:: WHAT YOU HAVE TO DO ::
Each line from the one with "U-bike(紅圈處)撞上停路邊自小客車。翻…" through the last line of the material is to be printed exactly; no other line and no picture belongs in the copy.

----- RECORDED DATA -----

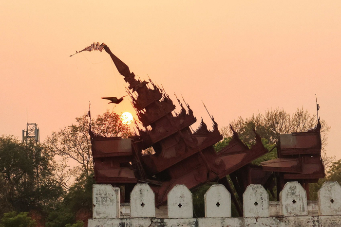 当地时间2025年3月31日,缅甸曼德勒,夕阳下,一只鸟飞过受损的曼德勒皇宫。(图/视觉中国)
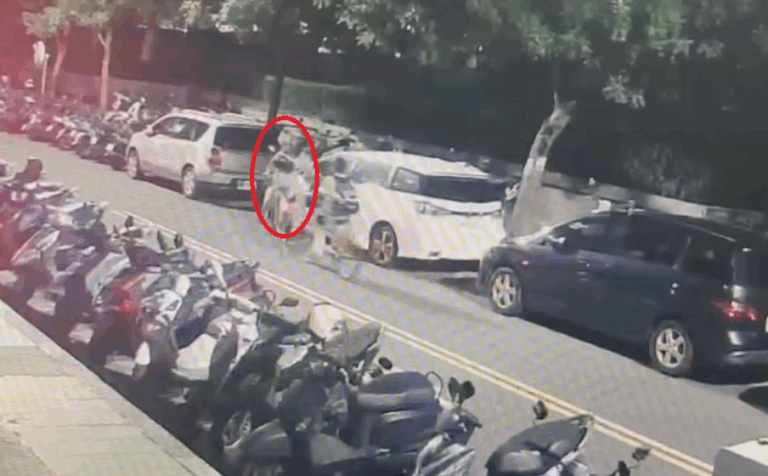 U-bike(紅圈處)撞上停路邊自小客車。翻…
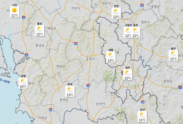 이날 낮 최고기온은 대전 11도, 세종 13도, 청주·천안 12도로 예보됐으며 아침 최저기온은 1도로 13도 안팎의 기온차가 나타날 전망이다.

-----

:: ANSWER SECTION ::
 U-bike(紅圈處)撞上停路邊自小客車。翻…
 이날 낮 최고기온은 대전 11도, 세종 13도, 청주·천안 12도로 예보됐으며 아침 최저기온은 1도로 13도 안팎의 기온차가 나타날 전망이다.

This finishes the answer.